Well, holy fucking fuck. Would I be unreasonable if I said that I can’t really tell you anything about the hilarious, dark, unexpected, horrifying, weird, and heartbreaking show Am I Being Unreasonable? (2022)? Except to say that thank the holy banana it’s been given a second season? And that we clearly need to see more work from women—well, full-stop—but especially work from them when they’re using it to deal with some massively messy life changes?

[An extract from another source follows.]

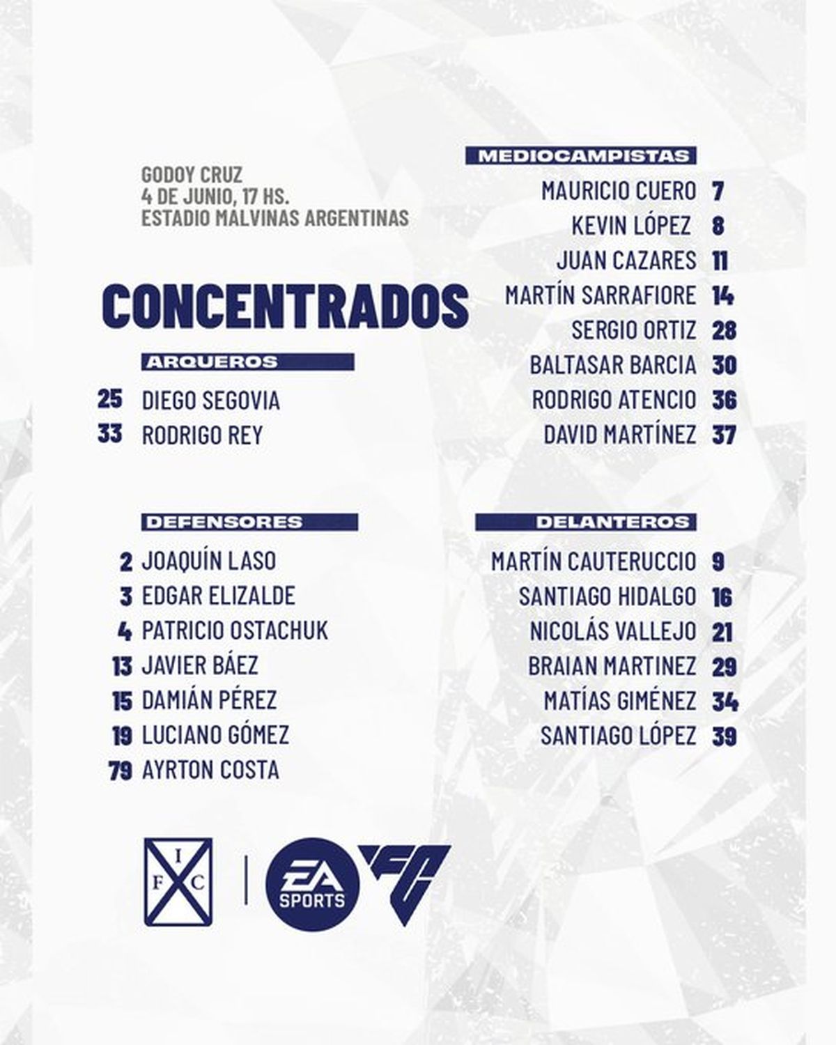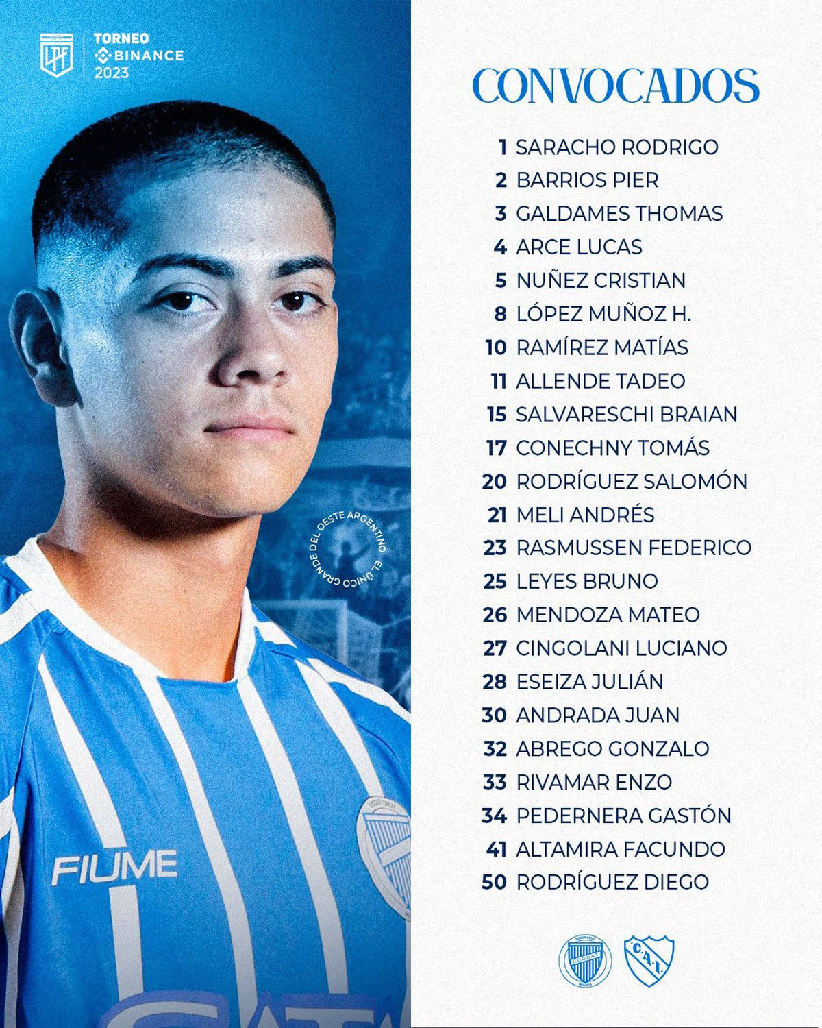 Godoy Cruz: Diego Rodríguez; Lucas Arce, Pier Barrios, Federico Rasmussen y Juan Andrés Meli; Gonzalo Abrego, Bruno Leyes, Tomás Conechny y Hernán López Muñoz; Tadeo Allende y Salomón Rodríguez. DT: Daniel Oldrá.

Because Daisy May Cooper and Selin Hizli have created something that touches on the palpable loneliness of motherhood, on the absolute miasma of joy and horror of friendships and aquaintainships and soulmates and school-drop-off-chat-ships, on the often unseen terribleness of men, and on the pervasive complexities of loving and parenting children while dealing with all their own shit and everyone else’s shit and unexpected shit. You could also probably make a decent argument that it’s not entirely about any of that, I guess, but I certainly won’t. Also, this sucker has more dark twists and turns than those damn skinny brightly colored plastic silly straws that keep showing up in my life and I know are just going to end up harboring untold colonies of unseen mold. 

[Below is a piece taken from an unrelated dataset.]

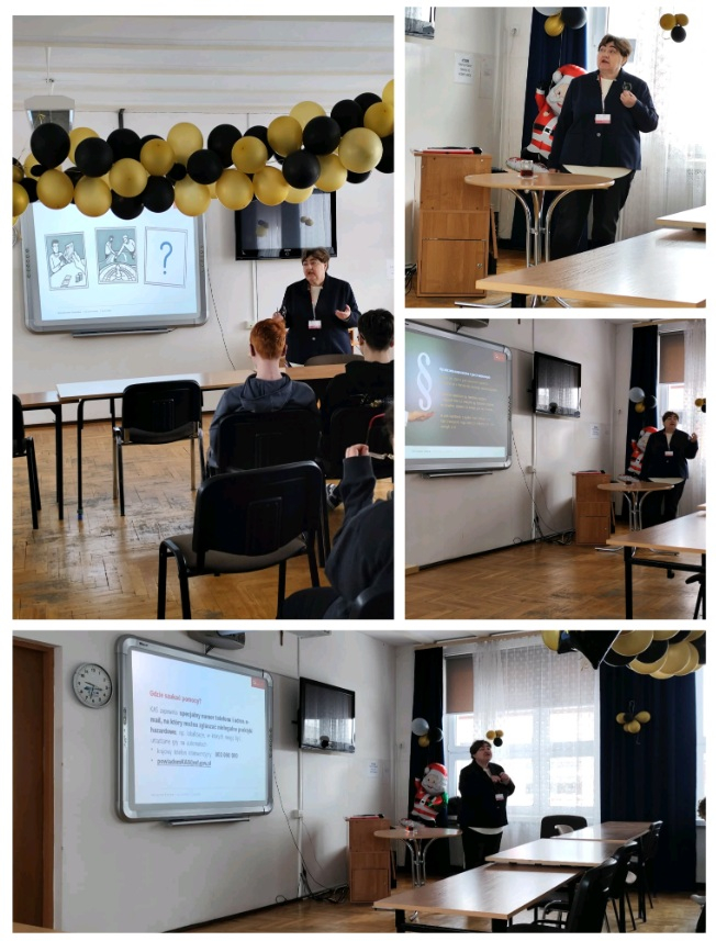Pani Wiesława Łyszczarz, podczas spotkania przedstawiła informacje czym jest nielegalny hazard. Uczniowie poznali zagrożenia wynikające z hazardu, w tym z pozornie bezpiecznych gier internetowych oraz skutki uzależnień od hazardu.

We first meet Nic (Daisy May Cooper) when she’s inside a snowglobe of a dreamy memory. She stands on a train platform, her long blonde hair all but covered in fat flakes of snow as  slightly distorted Christmas music, like from a music box, plays. When a man calls her name it takes her a moment to respond, as if he’s pulling her out of a very pleasant reverie. He calls her over to show her how he’s written “Merry X-Mas” in the snow with his own urine and they both throw their heads back in laughter and she asks how he managed to do the X. They seem blissfully in love, but in a way that, if you’ve watched enough television or if you’re a jaded pessimist, gives you a very deep sense of dread and impending doom. The train, which it seemed would never arrive, finally does. She gets on, he does not, but his coat gets stuck between the closing doors. They laugh at first, but then realize the seriousness and begin to panic as, even as the train starts to pull away from the station, they cannot seem to free the fabric. 

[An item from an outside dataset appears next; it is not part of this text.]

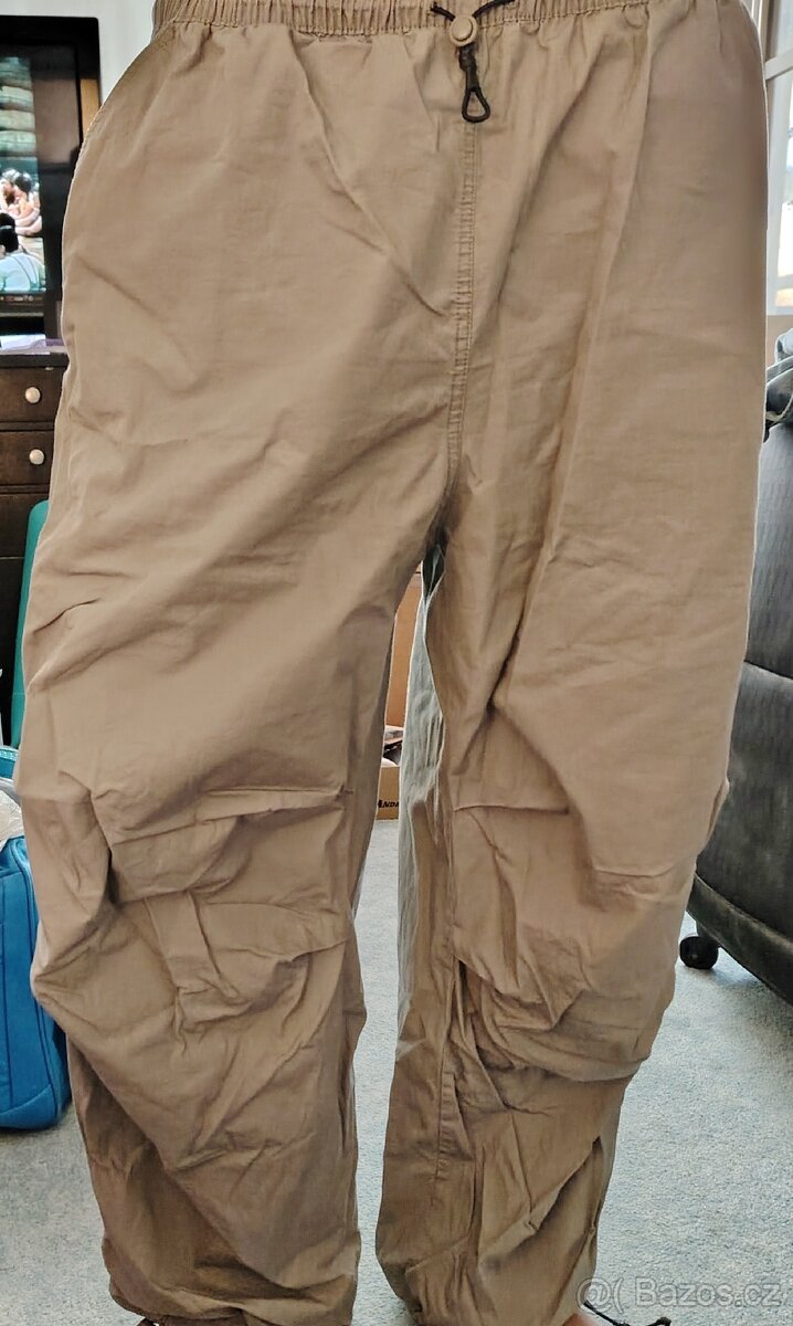Prodám, lehké plátěné kalhoty, málo nošené. Dole nohavice na gumu. V předu kapsy. Barva světle khaki , vel.L. V pase guma 46-52 cm. Délka 100cm.
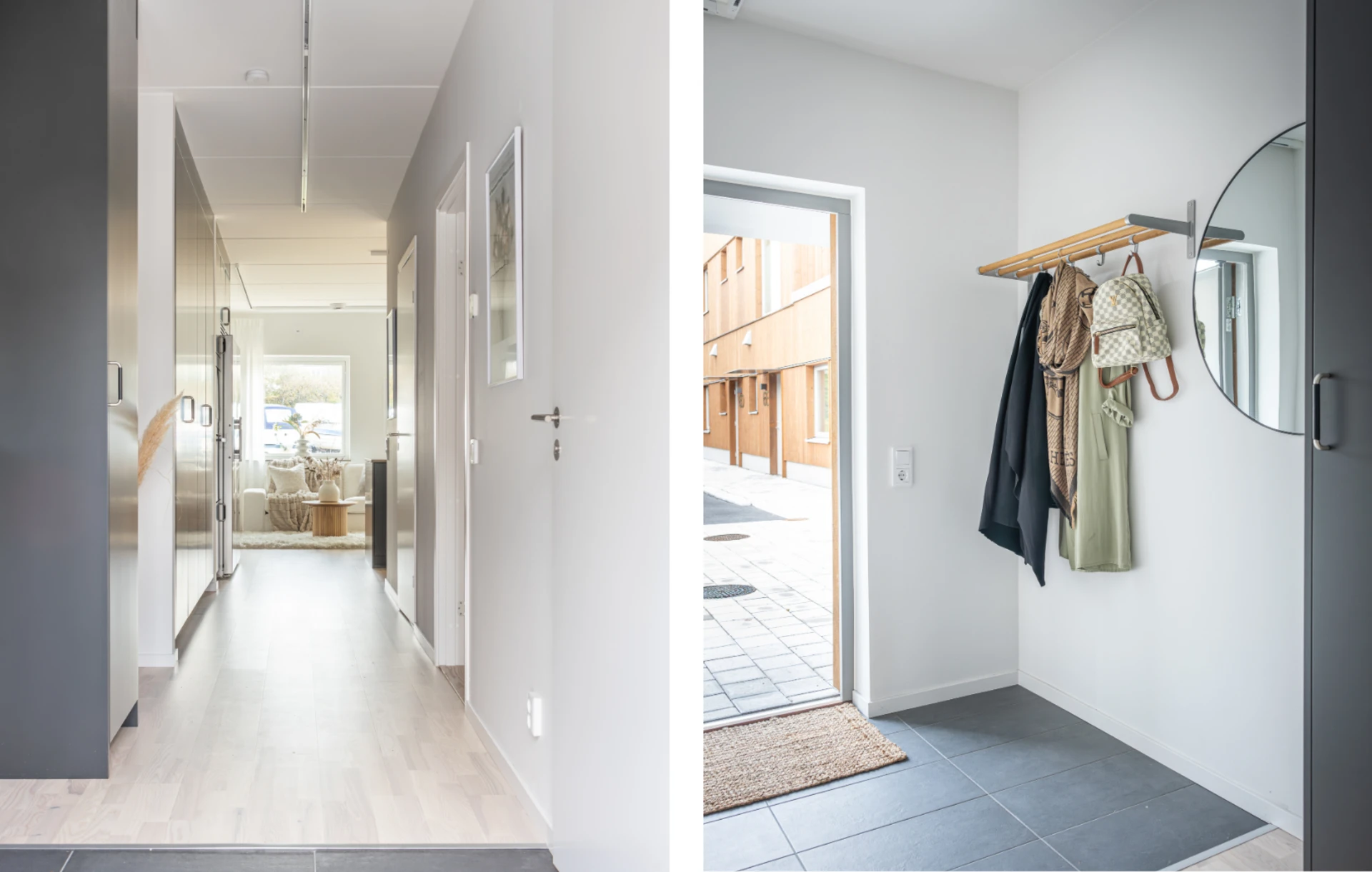 Klinkergolv i övergående askparkett och vitmålade väggar. Här finns plats för avhängning och förvaring i en platsbyggd garderob.

Alex, his head covered in snow, looking lovingly at Nic. Behind him is a very intense looking clown poster.
Okay. So that terrifying clown poster behind his head may also give some hints about the upcoming not-so-good bits.
Nic standing inside the train in blueish light looking toward the camera with a frightened expression.
Uh oh.

Then Nic gasps and she is suddenly on her couch with her almost nine-year-old son, Ollie (Lenny Rush), bowls of cereal balanced on their laps, watching some Real Housewives spinoff. Nic points to the television and says, “She’s vile.” (Is she talking to herself as well?) Ollie readily agrees. “A pig,” he says, before adding, “She’s just a narcissist.” Ollie then points out that they are running late for school. Again. And prods his mother to get moving. She complains heartily. Asking for two more minutes. Ollie insists and snaps off the television to get her moving. 

Nic lying on the couch looking displeased with a bowl of cereal balanced on her stomach. Ollie seated at the other end of the couch with a bowl of cereal in his lap.
The cut to these expressions is very good.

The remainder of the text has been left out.